At Meta, we heavily use C++ coroutines, and we’ve hit multiple production incidents where a service deadlocks because a coroutine suspended while holding a lock. Example scenario:

A thread in some executor is executing a coroutine, and acquires a mutex.
Before the mutex is released, the coroutine suspends (e.g. by co_await-ing another coroutine).
This can result in deadlocks where all the threads in the executor get blocked waiting on the mutex, and the suspended coroutine can never release the mutex because there are no threads in the executor to resume the coroutine.
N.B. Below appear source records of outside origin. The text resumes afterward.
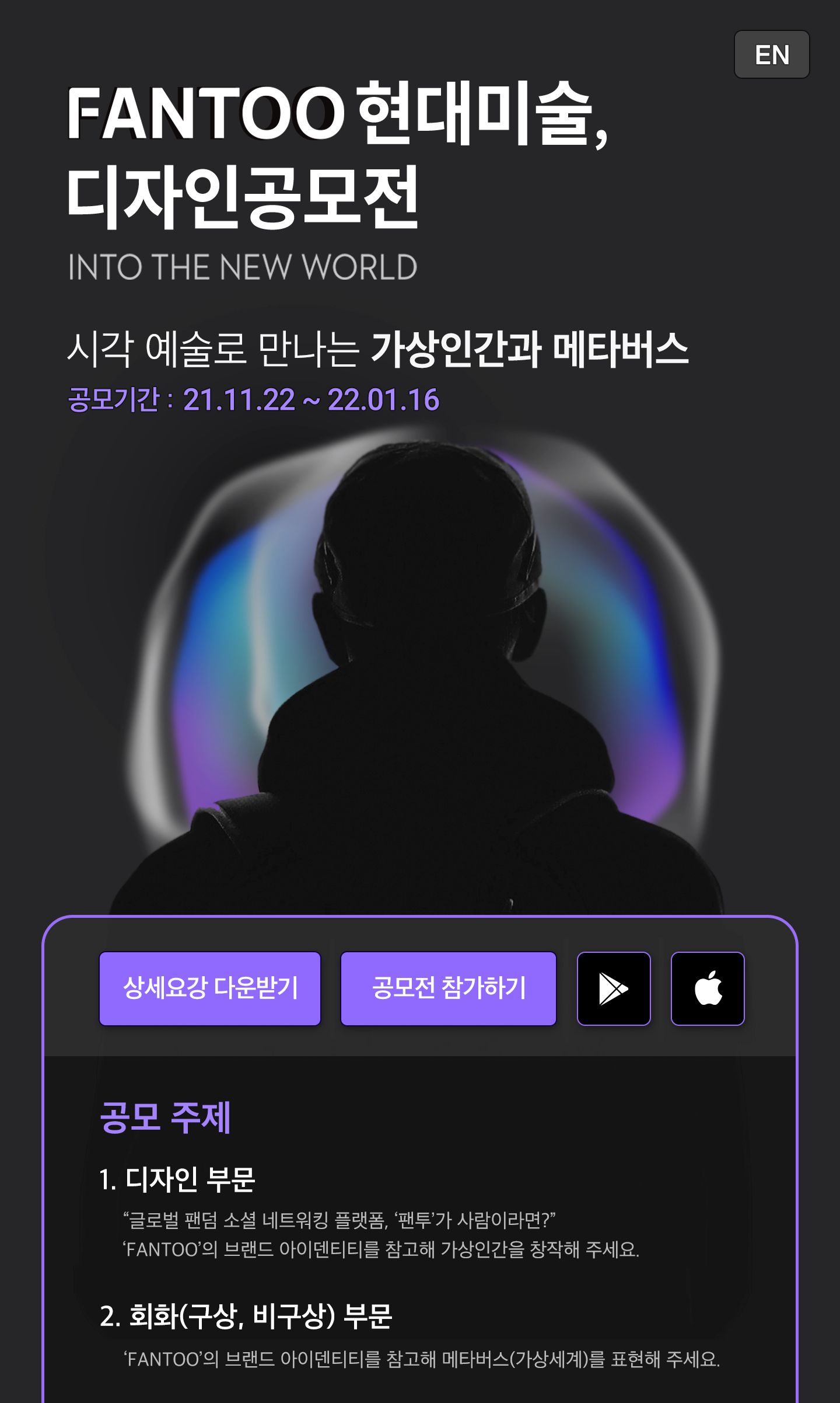 - 발표: 2022-01-24(월) ‘팬투’ 앱 & 자사 홈페이지 게시 및 수상자 개별통지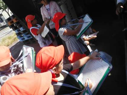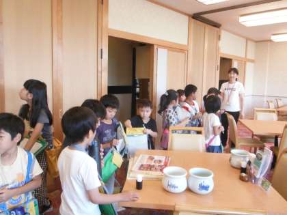 赤コースでは、かに甲羅本店さんや見須青果さんにお邪魔しました。かに甲羅さんの人気メニューや見須青果さんの果物や野菜を見せていただき、目を光らせる子どもたち。たくさんのお話を聞かせていただいて、どんなツアーにしてその魅力を紹介しようか、わくわくしているようでした。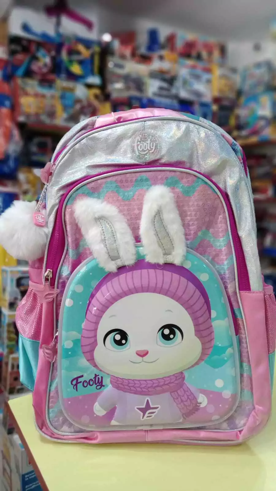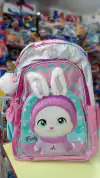 Frente con aplique de goma en forma de conejo. 4 compartimentos con cierre. ideal para uso diario con llavero de regalo. Tiras reforzadas. Manija de agarre. 2 Bolsillos laterales para botella. Luz Led a pila intercambiable. MEDIDAS APROXIMADAS Ancho: 34cm Alto: 45cm Profundidad:20cm

I think it would be helpful to add a new check to ThreadSanitizer to help catch these kinds of scenarios.

Proof of Concept

To demonstrate what a check might look like, I implemented a proof-of-concept of this check using the folly coroutines library, and some local changes to ThreadSanitizer. The proof-of-concept requires these local changes:

This is an example program demonstrating the bad behavior using the folly coroutines library (coroutine suspending while holding a lock):

#include <mutex>

#include <folly/experimental/coro/BlockingWait.h>
#include <folly/experimental/coro/Task.h>
#include <folly/init/Init.h>
#include <glog/logging.h>

std::mutex m;

folly::coro::Task<void> a2() {
  LOG(INFO) << __FUNCTION__;
  co_return;
}

folly::coro::Task<void> a1() {
  LOG(INFO) << __FUNCTION__;
  std::unique_lock<std::mutex> g(m);
  co_await a2();  // Potential deadlock! TSAN crashes here!
}

int main(int argc, char** argv) {
  folly::init(&argc, &argv);
  folly::coro::blockingWait(a1());
}

This is an example of the program correctly failing as a result of this check:

FATAL: ThreadSanitizer CHECK failed: llvm-project/compiler-rt/lib/tsan/rtl/tsan_rtl.cpp:1060 "((0)) == ((thr->mset.Size()))" (0x0, 0x1)
    #0 __tsan::TsanCheckFailed(char const*, int, char const*, unsigned long long, unsigned long long) <null> (main+0x...)
    #1 __sanitizer::CheckFailed(char const*, int, char const*, unsigned long long, unsigned long long) <null> (main+0x...)
    #2 __tsan::ThreadStateCheckNoLocks(__tsan::ThreadState*) <null> (main+0x...)
    #3 folly::coro::ensureNoLocks() folly/folly/experimental/coro/Task.h:73 (main+0x...)
    #4 auto folly::coro::Task<void>::Awaiter::await_suspend<folly::coro::detail::TaskPromise<void> >(std::__n4861::coroutine_handle<folly::coro::detail::TaskPromise<void> >) fbcode/folly/experimental/coro/Task.h:805 (main+0x...)
    #5 a1() (.resume) main.cpp:21 (main+0x...)
    #6 std::__n4861::coroutine_handle<void>::resume() const libgcc/include/c++/trunk/coroutine:127 (libfolly_tracing_async_stack.so+0x4222)
    #7 folly::resumeCoroutineWithNewAsyncStackRoot(std::__n4861::coroutine_handle<void>, folly::AsyncStackFrame&) fbcode/folly/tracing/AsyncStack.cpp:179 (libfolly_tracing_async_stack.so+0x...)
    ...

Proposed ThreadSanitizer Changes

For turning the proof-of-concept into real changes, I’m thinking about the following:

We can add an optional new ThreadSanitizer check, something like coroutine-suspended-while-holding-lock (potential deadlock)
We can add new annotations that can be invoked from application code to mark when coroutines are suspended/resumed/destroyed. Something like:

void AnnotateCoroResumed(char *f, int l, uptr coro);
void AnnotateCoroSuspended(char *f, int l, uptr coro);
void AnnotateCoroDestroyed(char *f, int l, uptr coro);

Applications or libraries (e.g. folly coro) can annotate their coroutine implementations with these new annotations to allow ThreadSanitizer to correctly detect these bugs.
In the ThreadSanitizer runtime: whenever a coroutine is suspended, the runtime will check that no locks are held. If there are locks held, then it will report the stack trace where the coroutine was suspended, as well as where the mutexes were acquired.
Separately, I see that there is also fiber support in ThreadSanitizer, but I’m not sure how much of that is reusable for this kind of check.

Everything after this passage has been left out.